**Your instructions:** Pictures in the records below must be left out. Return exactly the lines from the line with "Das Wohnzimmer im Erdgeschoss" to the line with "Подмосковные дети поучаствуют", both included.
--------------------
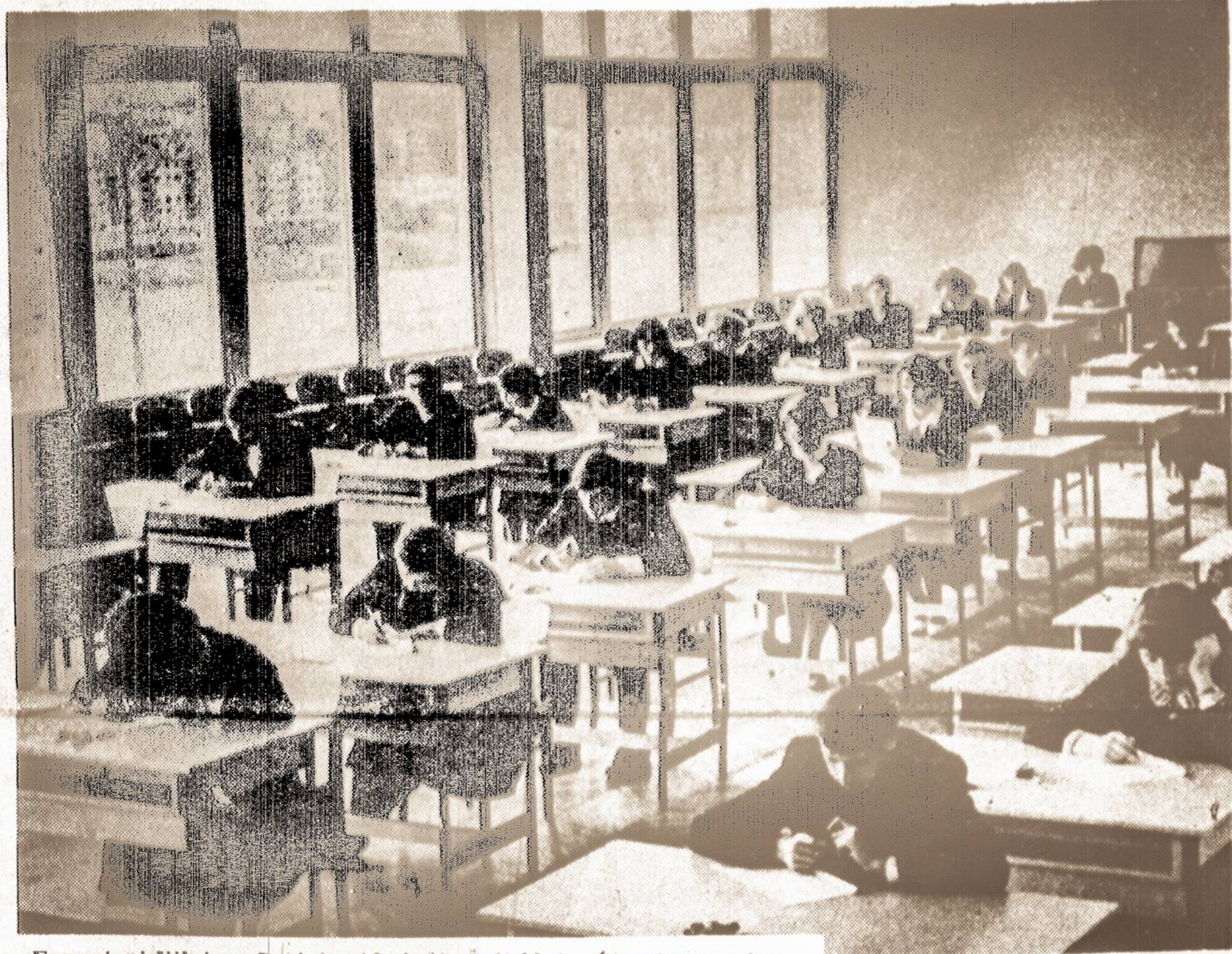
Egzaminai Vilniaus 7-ojoje vidurinėje mokykloje. Čia nėra pavojaus jaunimui ištautėti, nes viskas dėstoma lietuviškai.

Vienybės skiltys nuo 1886 m. atviros viskam kas skatina lietuvybę išeivijoje išlaikyti. Vienybės patalpose yra buvusių ir lituanistinių mokyklų, jos redaktoriai ir kiti personalo nariai per metų metus yra ir mokytojavę. Jos žmonės yra "ant rankų nešioję" kiekvieną iš Lietuvos atvykusį inteligentą, ypač mokytoją. Kita senosios kartos įsteigta, dar ir dabar tebesanti didžiausia lietuvių organizacija išeivijoje, SLA kiekviename savo Seime yra paskyrusi ir tebeskiria aukų lituanistinėms mokykloms. Senuosiuose lietuvių klubuose ir kai kuriose parapijinėse salėse, būdavo spintos su knygomis, klubai prenumeruodavo spaudą, salėse jaunimui ir suaugusiems būdavo nuolatinės lituanistikos paskaitos. Bet tai buvo daugiau kaip prieš 30 metų.
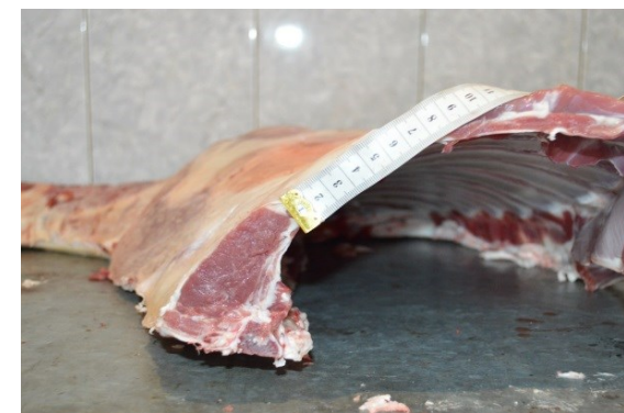
Рисунок 3 – Туша, полутуша и поперечный разруб между 12 и 13 грудными позвонками

8 месячного баранчика породного генотипа РММхШ
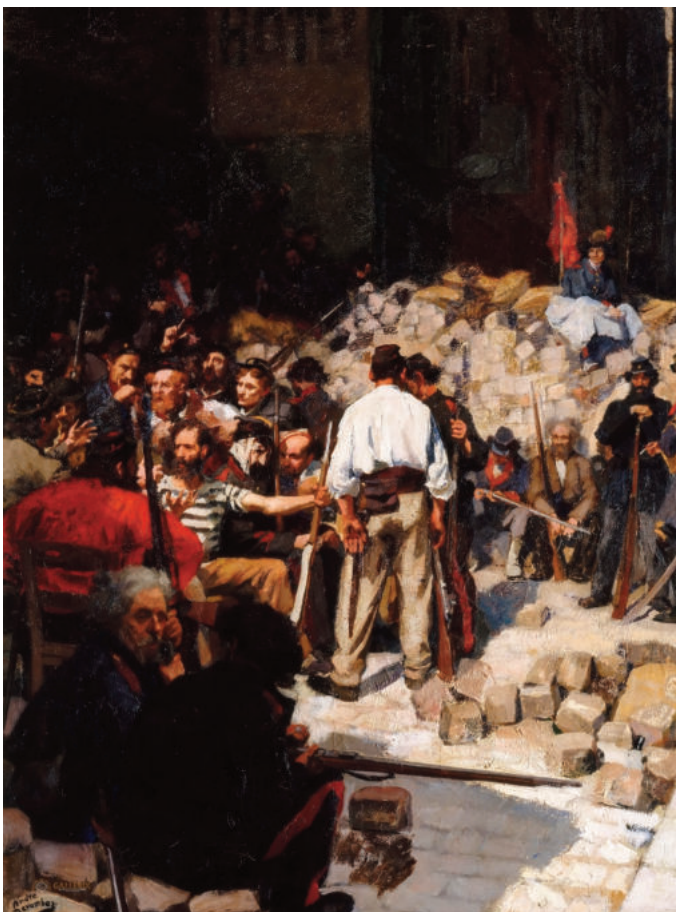
Die Barrikade, Gemälde von André Devambez um 1911.

Der Charakter der Kommune als proletarischer Diktatur und ihre tiefe Volksverbundenheit, drückten sich in der Einheit von Wort und Tat der Kommunarden aus: "Wie in der Kommune fast nur Arbeiter oder anerkannte Arbeitervertreter saßen, so trugen auch ihre Beschlüsse einen entschiedenen proletarischen Charakter. Entweder dekree-
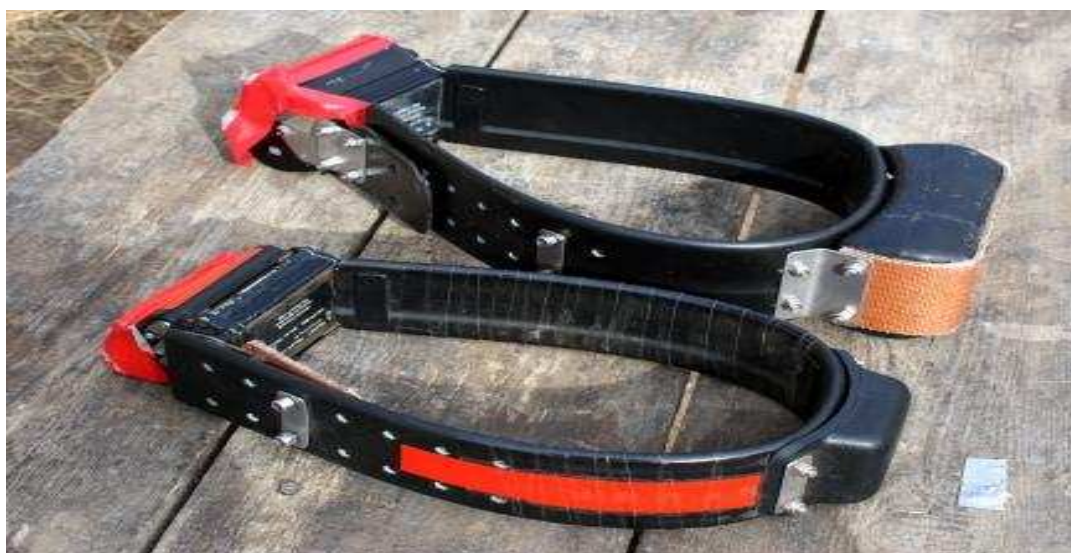
Фото 1. Спутниковые ошейники

Среди современных методов наблюдения за животными спутниковые – самые совершенные и самые дорогие. Наблюдения при помощи спутников дают беспрецедентные данные для исследователей о перемещении животных в природе. Местоположение животного фиксируется спутником каждые 20 или 30 минут и передается сразу на электронную карту. Это действительно фантастика, но которая уже стала реальностью. Этим методом изучаются многие редкие и исчезающие животные: медведи, тигры, барсы и др. Этим методом успешно проводит исследования по барсу Том Мак Карти, под чьим руководством в 2002 году в заповеднике началось изучение и проведение мониторинга барса, архара и козерога, но только с помощью обычного GPS.
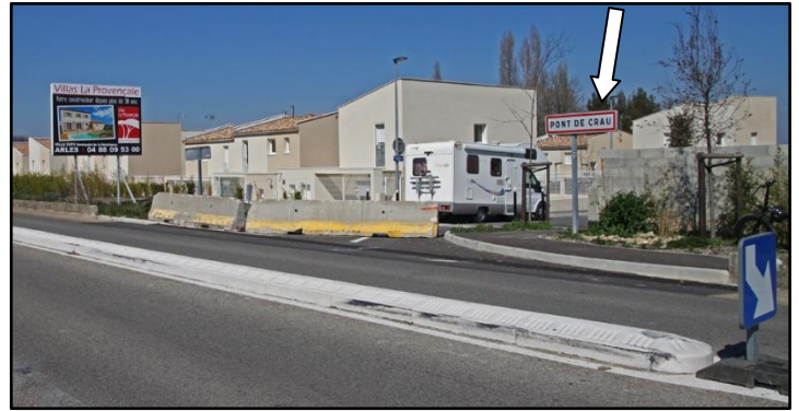
Entrée interdite en venant de la Route d'Eyguières

La question a été soulevée lors de l'Assemblée générale: pourquoi l'entrée et la sortie du lotissement "Porte des Alpilles" se font-elles uniquement par le chemin de Margaillan ?
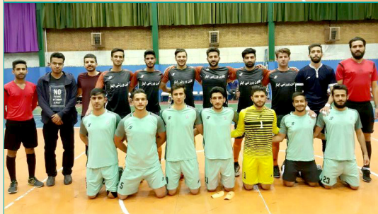
قهرمانی تیم فوتسال کانون فرهنگی ورزشی ایثار- بهار ۱۳۹۸
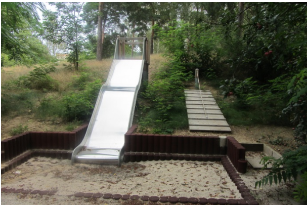
Eine Hangrutsche (hier ein Beispiel aus Ludwigsfelde) soll für die Kita angeschafft werden

Die Fördergesellschaft hat die Anschaffung einer neuen Rutsche für die Betriebs-Kita der FH Bielefeld unterstützt. In der Kita werden Kinder von Beschäftigten und Studierenden betreut. Die Rutsche wird am 31. März 2017 aufgebaut, deshalb lagen zum Redaktionsschluss noch keine Fotos vor.
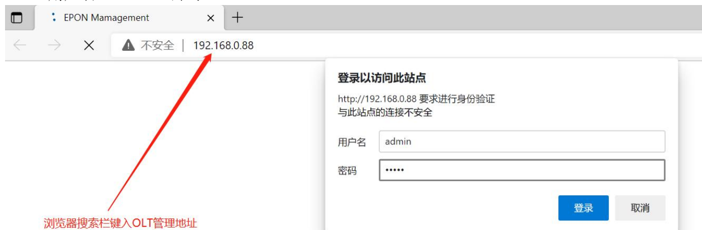
图 1.2-2：浏览器登录 web 图示

内管理： 将本地电脑的 IP 改为 192.168.1.X，掩码：255.255.255.0。其他步骤和外管理一致，访问内管理 IP 为 192.168.1.88。
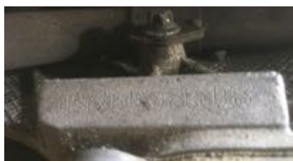
Frappe à froid numéro de moteur
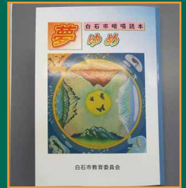
▲白石市暗唱読本「夢」
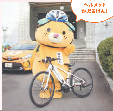
みきやんもヘルメットかぶるけん!
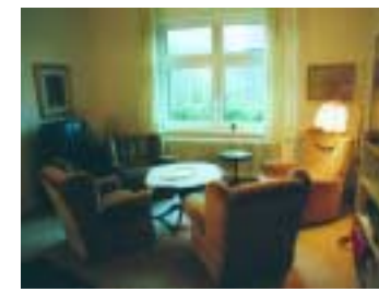
Das Wohnzimmer im Erdgeschoss

Im Wohnzimmer unten finden Sie Bücher, Spiele, Fernseher, Musikschrank und an der Wand u.a. eine große Ostfrieslandkarte mit markierten attraktiven Ausflugszielen, die auf einer zweiten Karte im Flur erläutert werden.
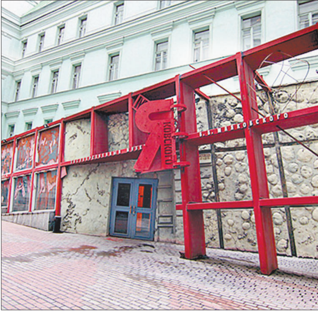
Подмосковные дети поучаствуют в праздновании юбилея Маяковского

Также планируется большая совместная выставка в здании Государственной Третьяковской галереи на Крымском Валу – «Владимир Маяковский и русский авангард», где будут представлены живопись, графика и фотографии, созданные Маяковским и художниками его ближайшего круга в середине 1910-х годов. На ней будет представлено творчество Д. Бурлюка, Н. Гончаровой, Е. Гуро, В. Каменского, Г. Клуциса, Э. Лисицкого, К. Малевича, О. Розановой,
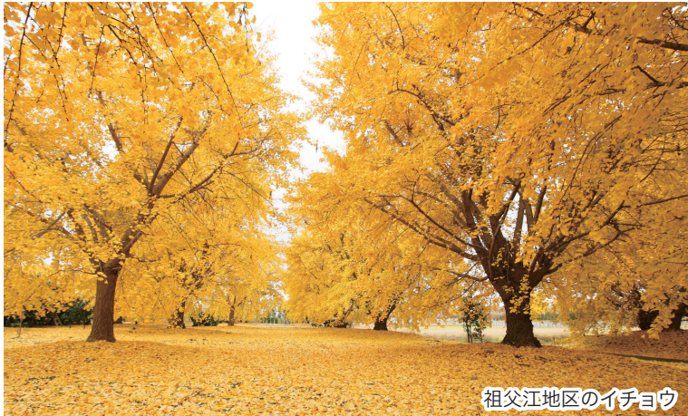
祖父江地区のイチヨウ
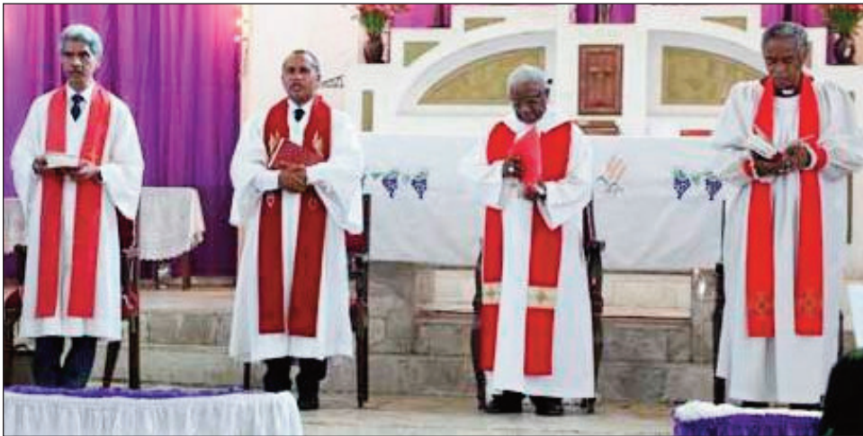
Ireo filoham-piangonana 4 ao amin'ny FFKM.

Ho fisorohana ny olana mety hitranga amin'ny fifidianana rehetra ho avy eto amin'ny firenena, mangataka amin'ny tompon'andraikitra mahefa ny FFKM: Fiombonan'ny Fiangonana Kristiana eto Madagasikara, ho afaka hanangana fikambanana hanara-maso ny fifidianana eto amintsika. Mangataka ny FFKM mba ho afaka hanangana fikambanana manara-maso fifidianana toy ny KMF/CNOE, ny Safidy, ... Manoloana ny fiahiana halabato toa izay efa niseho hatram'izay, dia mangataka ny FFKM mba hitoraka izay mety ho olana goavana hitranga eto amin'ny Firenena. Ao anatin'ny adidy sy andrai-
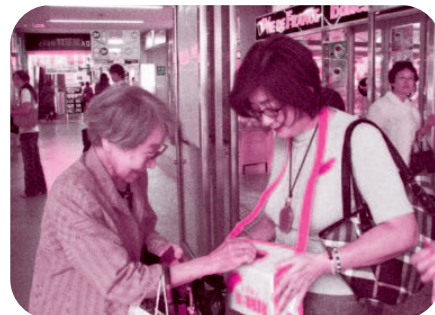
10月1日 富山駅前において街頭募金を呼びかける桜谷小学校他のみなさん
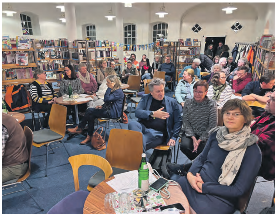
Über 60 Menschen zeigten Interesse am Förderverein „AhrensBook“.

luden die Räume der Ahrensböcker Gemeindebücherei am Abend des 12. November zur Gründungsversammlung ein. Es war ein Abend, der noch lange nachhallen sollte. Über 60 Bürgerinnen und Bürger kamen zusammen, um ein Zeichen zu setzen: für den Erhalt der Bücherei, für das Lesen, für die Gemeinschaft. So viele Menschen waren da, dass kurzfristig noch Stühle her-
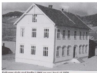
Folkvang skole stod ferdig i 1905 og var i bruk til 1970.
--------------------
**Response:**
Das Wohnzimmer im Erdgeschoss

Im Wohnzimmer unten finden Sie Bücher, Spiele, Fernseher, Musikschrank und an der Wand u.a. eine große Ostfrieslandkarte mit markierten attraktiven Ausflugszielen, die auf einer zweiten Karte im Flur erläutert werden.
Подмосковные дети поучаствуют в праздновании юбилея Маяковского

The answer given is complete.